Replies are listed 'Best First'.
Re: waitpid returns -1 for still running child (Windows)
by BrowserUk (Patriarch) on Jul 06, 2010 at 11:39 UTC

    I cannot reproduce your results with either 5.8.9 or 5.10.1:

    c:\test>\perl32\bin\perl.exe -wle"print $$, ':', $p=system 1, 'perl - +le\"print qq[??$$]; sleep 10; print q[exiting]\"'; print waitpid $p, +1 while sleep 1" 13960:14028 ??13984 0 0 0 0 0 0 0 0 0 0 exiting 14028 -1 -1 -1 Terminating on signal SIGINT(2)

    Examine what is said, not who speaks -- Silence betokens consent -- Love the truth but pardon error.
    "Science is about questioning the status quo. Questioning authority".
    In the absence of evidence, opinion is indistinguishable from prejudice.
      I cannot reproduce your results ...
      Neither do I. That's the problem. I would be much happier if I could reproduce it, but in general, it runs well. I have found one case so far, where it failed, but this case is documented well. It seems to be a rare case, so I hoped someone with good Windows knowledge would know of some exotic circumstance where this problem might show up on Windows.

      -- 
      Ronald Fischer <ynnor@mm.st>
        I hoped someone with good Windows knowledge would know of some exotic circumstance where this problem might show up on Windows.

        How is the logging done? Ie. Are they simple prints to the respective log files directly from the applications, or are you using some centralised logging mechanism via pipes or sockets?

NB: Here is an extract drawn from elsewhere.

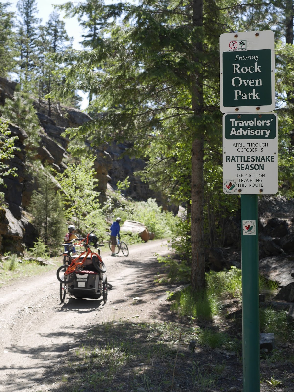 Forty-three kilometers (43 km) sounds like a long way for a family bike ride and I was not sure how we would manage. What made the long ride not only possible but enjoyable is that the entire trail has a downhill slope ranging from 1.6 to 2.2%. My daughter (6) did struggle with the loose gravel and sand and spent most of the ride in the double Chariot with her brother (4). Next time I would consider using a Trail-a-Bike for her. My eldest (8) rode the whole trail without a single complaint – what a trooper! Pulling the double Chariot behind my bike worked really well except for a few sandy spot but they were minor. From start to finish it took us five-an-half hours and that included plenty of time for breaks and exploring.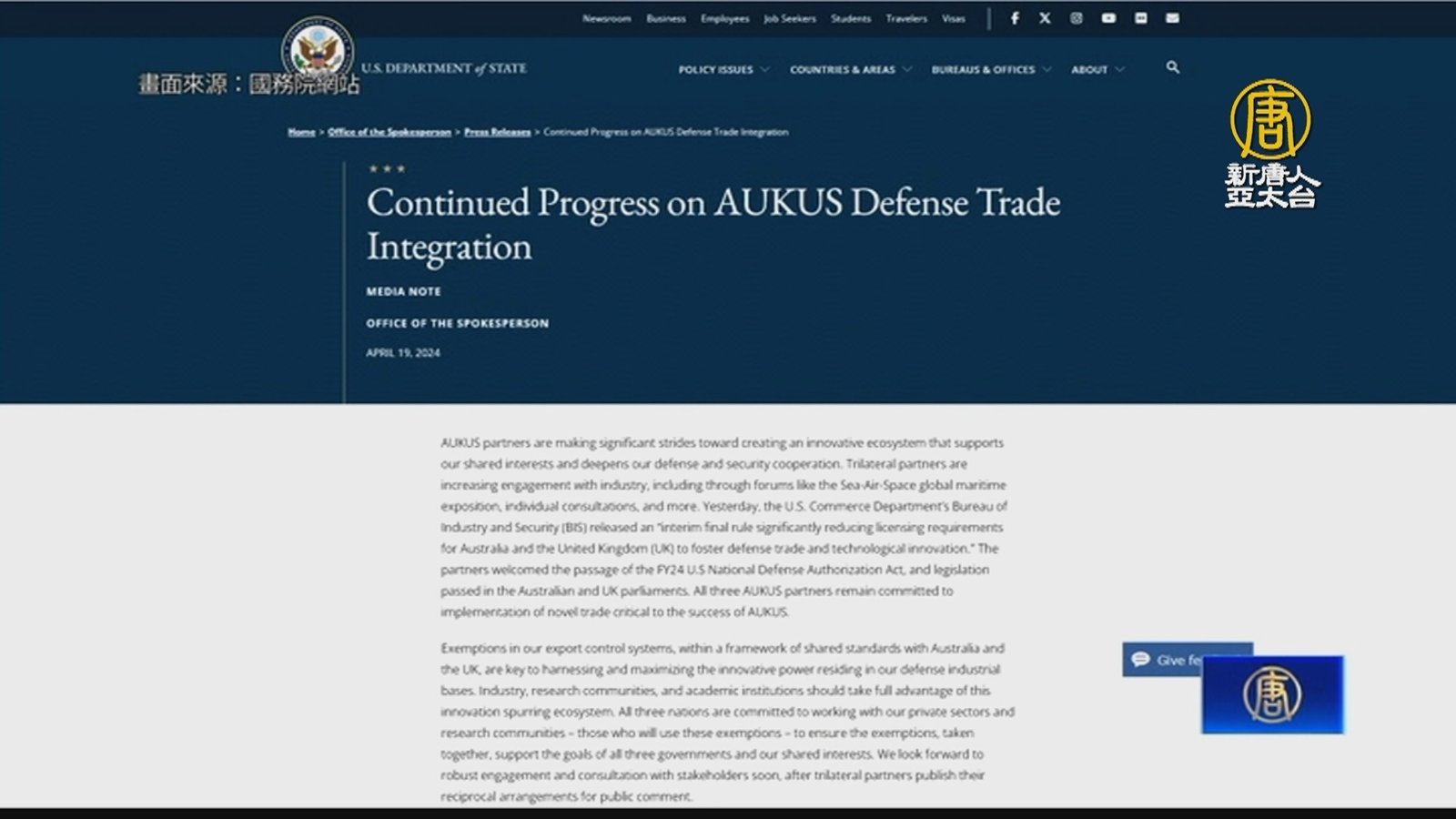 深化澳英美三方安全夥伴關係(AUKUS)合作,美國國務院週五表示,預計未來120天內,敲定AUKUSS國防專案的新貿易管制豁免。對此,英國與澳洲國防部,也分別做出正面回應。 //asset1.ntdtv.com.tw/public/uploads/assets/2024/04/20/2024-04-20-6623a435977f0.mp4 澳英美安全夥伴關係|AUKUS|國防授權法案|拜登|貿易豁免2024-04-20 19:16:04

        How & where are the timestamps added?

        As for tracking it down more thoroughly, I'd start off by creating a simple UDP logging deamon and have both (all) apps send their messages to that. I'd time stamp them at both ends.


        Examine what is said, not who speaks -- Silence betokens consent -- Love the truth but pardon error.
        "Science is about questioning the status quo. Questioning authority".
        In the absence of evidence, opinion is indistinguishable from prejudice.